The U.S. and Canadian governments should reinstate a vaccine exemption for cross-border truckers to ease supply chain snarls, Alberta Premier Jason Kenney said as a protest convoy arrived in the Canadian capital.

Kenney, speaking Friday in Washington ahead of a meeting of U.S. governors, said he believes cross-border truckers are a low risk to spread COVID-19. The rules, imposed this month by both nations, will further fuel inflation and constrain shipping, he warned.

Alberta is “calling on the two federal governments to simply exercise a bit of common sense,” Kenney said in an interview with Bloomberg Television and BNN Bloomberg. 

“This policy I don’t think makes any compelling public-health sense, but it will worsen what we know is a growing supply chain issue,” he said.

Kenney’s comments come as a protest convoy descends on Ottawa, with truckers and like-minded activists objecting to lock-down requirements, vaccine mandates and other COVID measures. They’re also calling for Canadian Prime Minister Justin Trudeau, a longtime political foe of Kenney’s, to be removed from office. 

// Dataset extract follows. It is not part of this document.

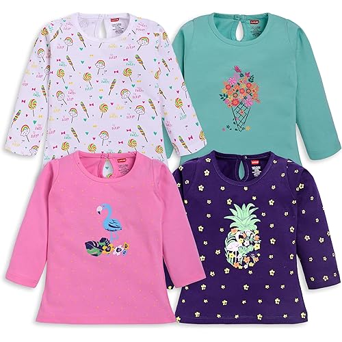 LuvLap Baby Girls 100% Cotton Regular Full Sleeve Top Pack of 4
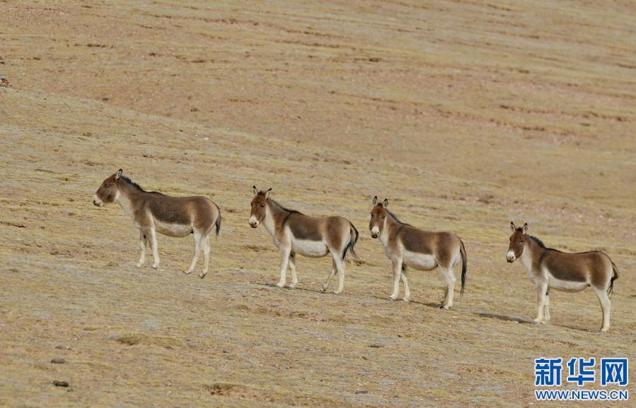 藏北高原上的藏野驢(1月16日攝)。新華社記者 張汝鋒 攝

Kenney spoke as crude prices continued to soar. Alberta is Canada’s main oil-producing province and the benchmark Western Canadian Select price hit US$75 on Friday, its highest since 2014. Kenney hinted that could yield a balanced budget for his province shortly.

“Certainly, our fiscal situation is improving dramatically,” the premier said. “We’ve been restraining spending pretty significantly. That plus the big bump-up in commodity prices is putting us in the range of a potential balanced budget in the next couple of years.”
 

PIPELINE DISPUTE

Kenney called on President Joe Biden to express support for Enbridge Inc.’s Line 5 expansion project, which would boost the ability of Canadian oil producers to ship into the U.S. but is opposed by Michigan’s state government. 

“The U.S. government should stop its neutrality on Line 5 and come down on the side of U.S. energy security,” Kenney said. “We’d like to say to the Biden administration: while you’re begging OPEC to increase production and shipments, why aren’t you talking to the governor of Michigan about stopping the efforts to interrupt that pipeline?”

In the short term, “Canada will be able to ship and maintain record levels of production and exports” of crude, Kenney said. 

Alberta has seen its peak of omicron cases but is only now at what it thinks is its peak of hospitalizations, according to the premier. If trend lines improve, the province will ease COVID restrictions toward the end of March, Kenney said.